# Math Help - calculus - newton's law of cooling?

1. ## calculus - newton's law of cooling?

Hi, i have a calculus hw problem which is the following -
Use Newton's Law of Cooling. The coroner arrives at teh scene of a murder at 2AM. he takes the temperature of the body and finds it to be 61.1 degrees . He waits one hour, takes the temperature again, and finds it to be 57.2 degrees . The body is in a meat freezer, where the temperature is 10 degrees . When was the murder comitted?

I was absent when the teacher went over this and i have no clue what to do. can someone please give me a step by step workthrough of the problem, or if thats too hard to type out, tell me what to do, and what the answer should be so i can check it? thanks for any help!

btw, there is no unit given for degrees, but i dont think that should matter.......

2. Using Newton's Cooling Law, we have

$\frac{dT}{dt}=k(T-10)$

Separate variables:

$\frac{dT}{T-10}=kdt$

Integrate:

$ln(T-10)=kt+c$

$T-10=Ce^{kt}$

Now, use the two given pieces of info to find k and C.

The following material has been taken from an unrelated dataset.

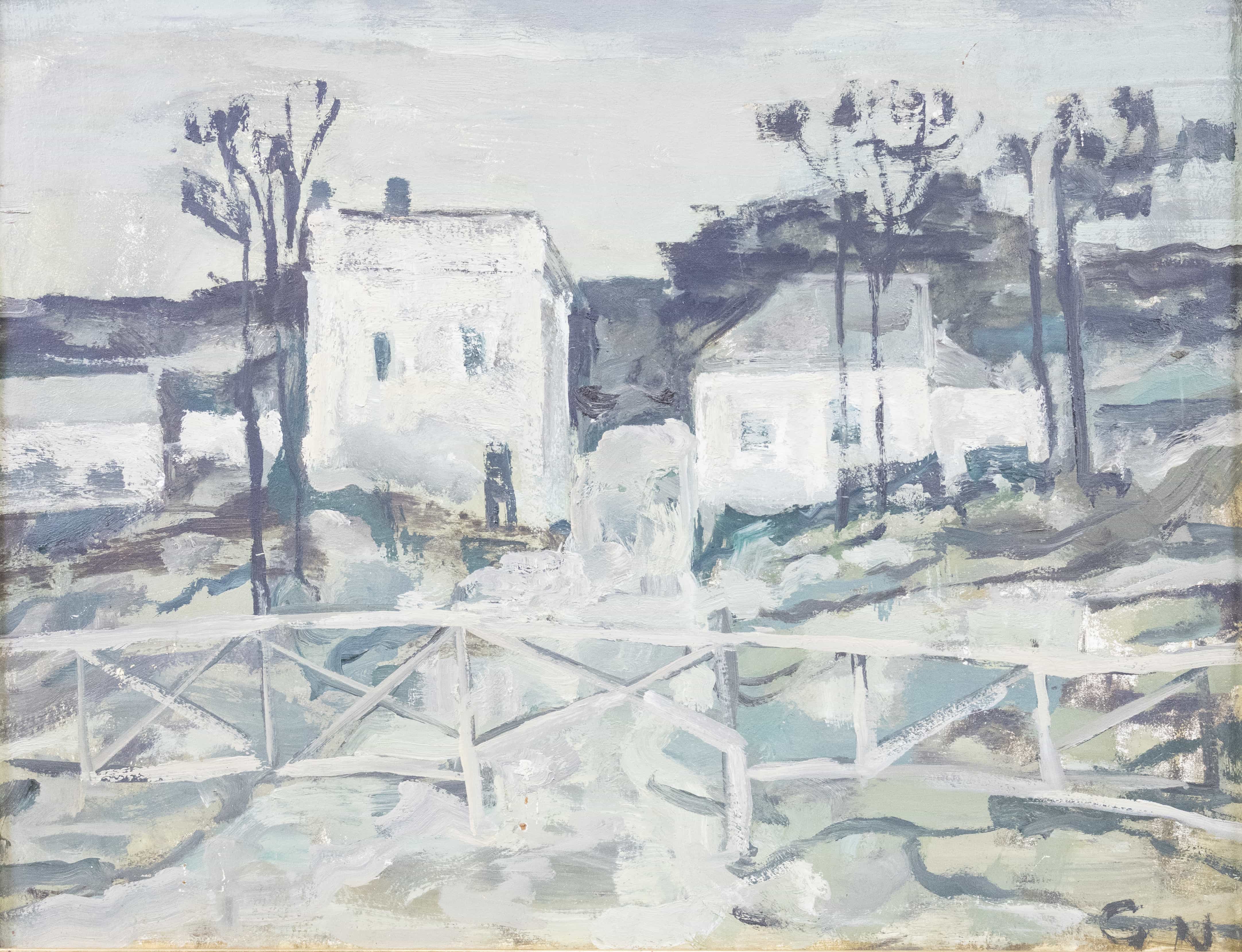 07.22 Nicolai Georgescu (1946-1995) - "Peisaj cu case și podeț", ulei pe carton, 50x65cm, semnat dreapta jos cu inițiale

Once you have those you have your formula.

Then, set it equal to, say, 98.6 and solve for t.

Subtract that value from 2AM to find the time the murder was committed.

3. wow u guys are incredible, thanks, i think i got it

so i got an equation that ended up like this:

T=10 + 51.1e^ln0.9237*t

does this look like something that i should come up with?

if this looks good, then now i solve for t in this eqation?

once again thanks so much guys

4. i have another question, if were to solve that equation that i came up with, would e^ln0.9237 * t = 0.9237t because e^lnx = x right?

5. I think you have it.

I get $T=10+\frac{511}{10}e^{ln(\frac{472}{511})t}$

Yes, $e^{ln(\frac{472}{511})t}=(\frac{472}{511})^{t}$

6. wow great

when you write this:

Yes,
is that (472/511) multiplied by t, or (472/511) raised to the t? raised to t right?